Peter Carbonetto, Matthew Stephens
(Submitted on 21 Aug 2012)
Many common diseases are highly polygenic, modulated by a large number genetic factors with small effects on susceptibility to disease. These small effects are difficult to map reliably in genetic association studies. To address this problem, researchers have developed methods that aggregate information over sets of related genes, such as biological pathways, to identify gene sets that are enriched for genetic variants associated with disease. However, these methods fail to answer a key question: which genes and genetic variants are associated with disease risk? We develop a method based on sparse multiple regression that simultaneously identifies enriched pathways, and prioritizes the variants within these pathways, to locate additional variants associated with disease susceptibility.
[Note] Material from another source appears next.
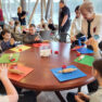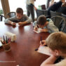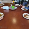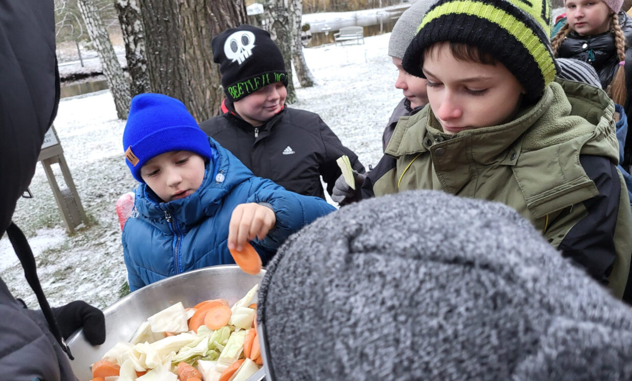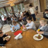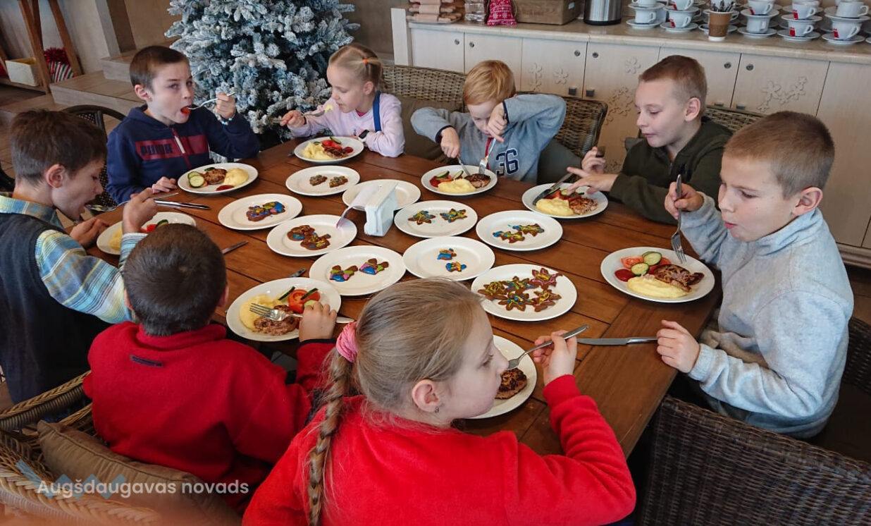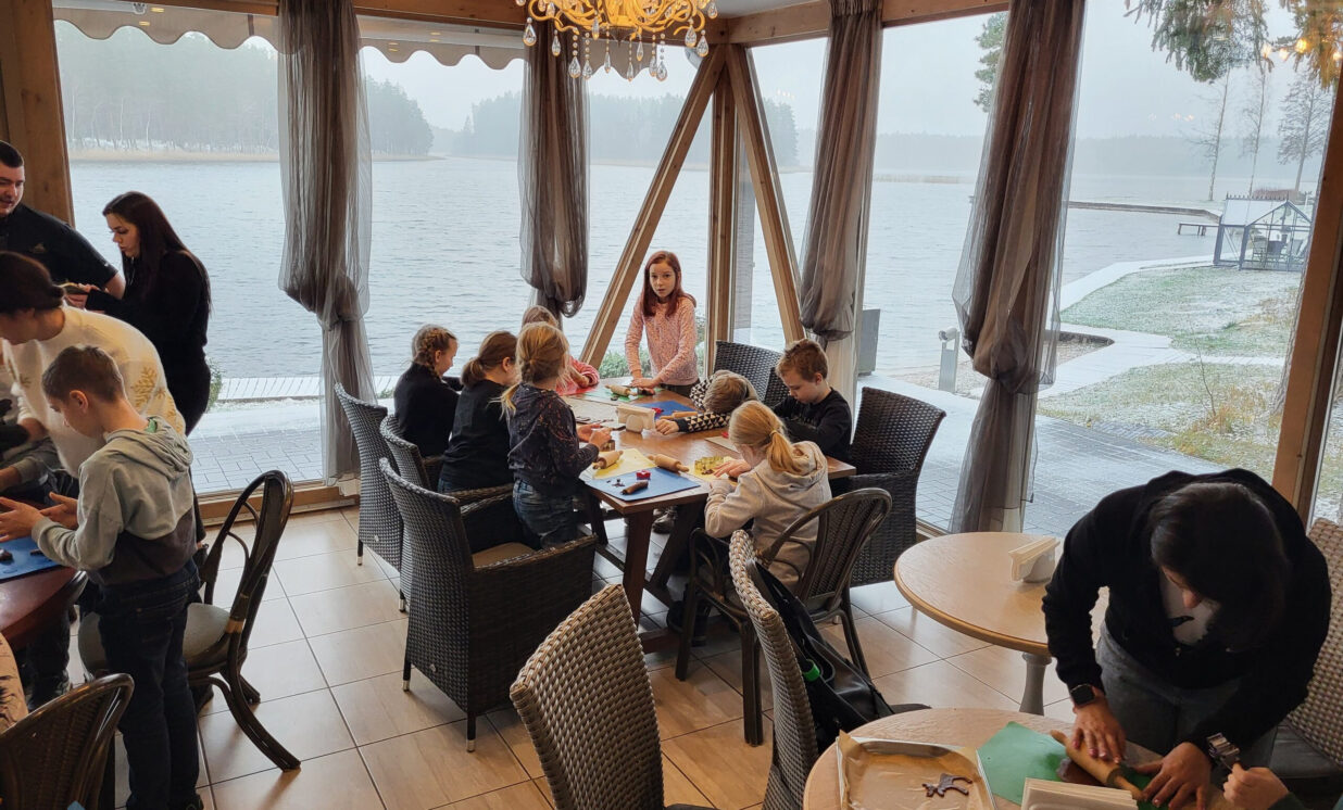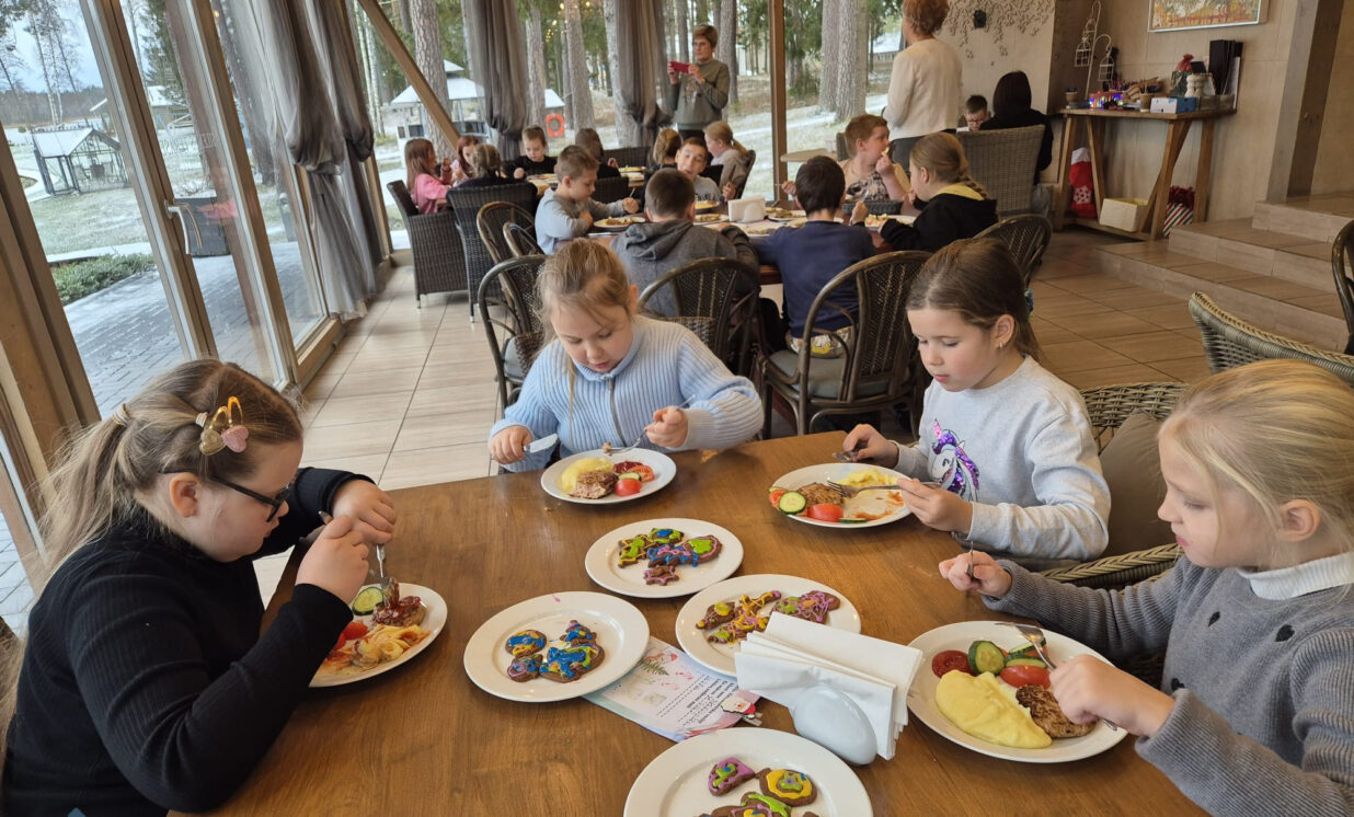 Pēc labi paveikta darba skolēni baudīja maltīti restorāna telpās. Šajā laikā viņi ne tikai mielojās, bet arī apguva galda etiķetes pamatus. Tukšie šķīvji bija apliecinājums tam, ka maltīte bija garšīga!

A central feature of our approach is an estimate of the strength of enrichment, which yields a coherent way to prioritize variants in enriched pathways. We illustrate the benefits of our approach in a genome-wide association study of Crohn’s disease with ~440,000 genetic variants genotyped for ~4700 study subjects. We obtain strong support for enrichment of IL-12, IL-23 and other cytokine signaling pathways. Furthermore, prioritizing variants in these enriched pathways yields support for additional disease-association variants, all of which have been independently reported in other case-control studies for Crohn’s disease.